From the early days of the Model T Ford through to the latest Tesla Model S however, we’ve become accustomed to the idea that cars are an essential part of our lives. Sometimes, we even proclaim that life without a car is impossible. But just as many other things we may enjoy, things that we like aren’t always good for us — or the world at large.
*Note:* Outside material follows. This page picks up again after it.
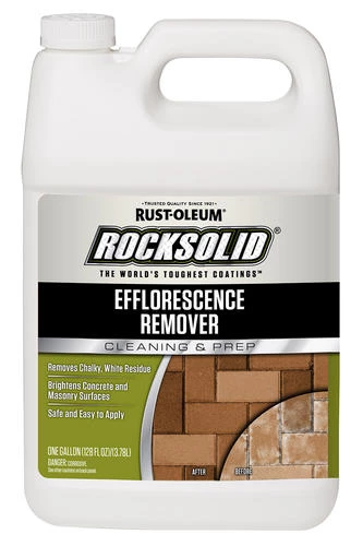 Rust-Oleum® RockSolid® Efflorescence Remover removes white, chalky residue and mild rust stains found on concrete and masonry. You can use it on bare concrete.

Which leads us to a series of questions we’ve wanted to ask for a long time. Are cars really necessary? Can we live without them? And is the next logical step from the electric car no car at all? After all, with the overwhelming majority of the world’s population now living in cities or suburbia, living without a car should be easy, right?
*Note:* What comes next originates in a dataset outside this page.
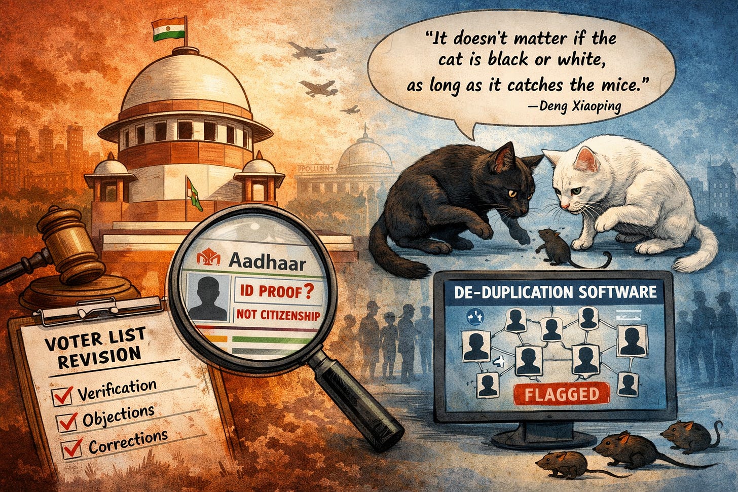 In a national electorate of this magnitude, deduplication software is not a sinister shortcut; it is a practical filter to identify probable duplicates that manual methods will simply miss—particularly where the same person appears under minor variations of name, age, or address, sometimes across constituencies and even across States. Here, the correct principle is the one Deng Xiaoping popularised: it doesn’t matter whether the cat is black or white, so long as it catches mice. In electoral terms, it matters less which tool helps detect duplication, and far more that the tool actually detects it—provided the statutory safeguards follow.

In many cities, metro systems should make life without a car possible. Photo by Ralf Roletschek GFDL 1.2

In many cities, metro systems should make life without a car possible. Photo by Ralf Roletschek GFDL 1.2

You may have heard it said that cars fill the available road space. You build more road, and briefly, your congested freeway becomes fast flowing and wonderful. And then it fills up again. And then becomes congested. And then the cycle repeats. The reasons for this are many and subtle. For example, it turns out that if you allow humans to move more quickly, they’ll live further away. And also, if the roads are good businesses hop in to make use of those shiny bands of asphalt. It’s all very frustrating for road planners, and it is (at least partially) why we no longer throw motorways into the center of cities. Of course, we’ve known this for a very long time. Even back in the 1960s, while we were still hurling ring-roads, bypasses, highways and motorways across the world with merry abandon, it was clear freeways and motorways either through or around city centers would never, ever, work long-term.
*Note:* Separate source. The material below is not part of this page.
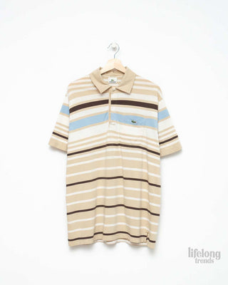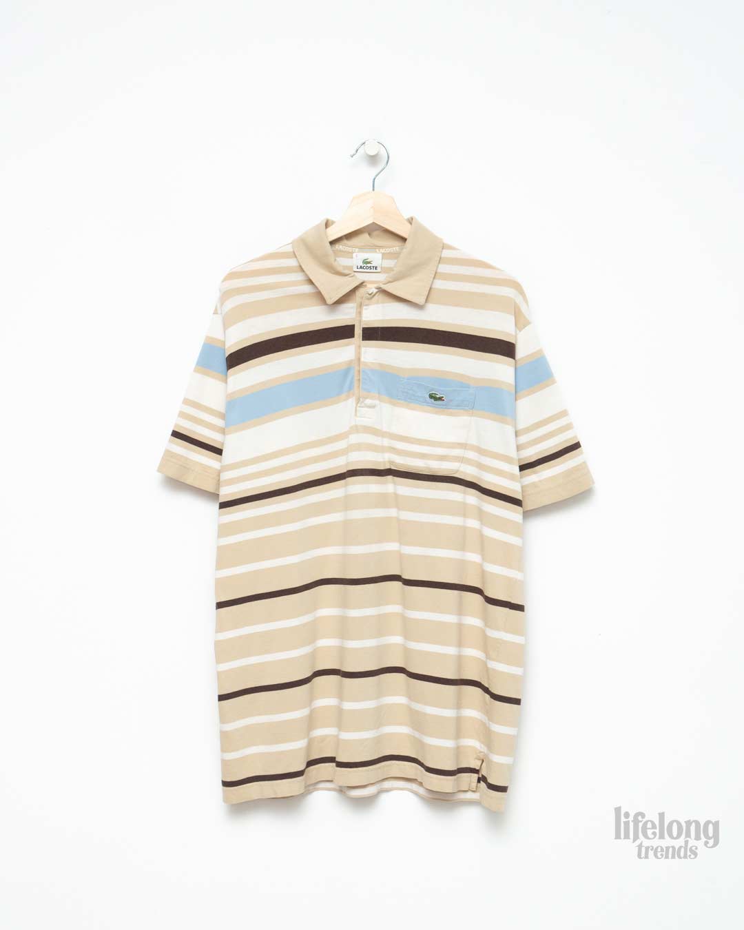 Polo Lacoste vintage en color beige y blanco, con el logo bordado en el pecho.

So it’s not surprising that people are constantly trying to work out solutions to the problems of getting people moved around the urban environment. And to that end Finland is aiming to see the end of car ownership as we know it. In an interview in business insider, back in 2014, Sonja Heikkilä, then a transportation engineer with Helsinki’s City Planning Department, described her vision. It’s a vision that combines city bicycles, ride-sharing, mini-bus services, the metro system and adaptive route planning to enable efficient – and rapid – transport around cities without need for a personally owned vehicle.

The concept involves inverting the traditional urban planning ideas — rather than looking at where everyone is going as a group, you instead look at each individual’s needs.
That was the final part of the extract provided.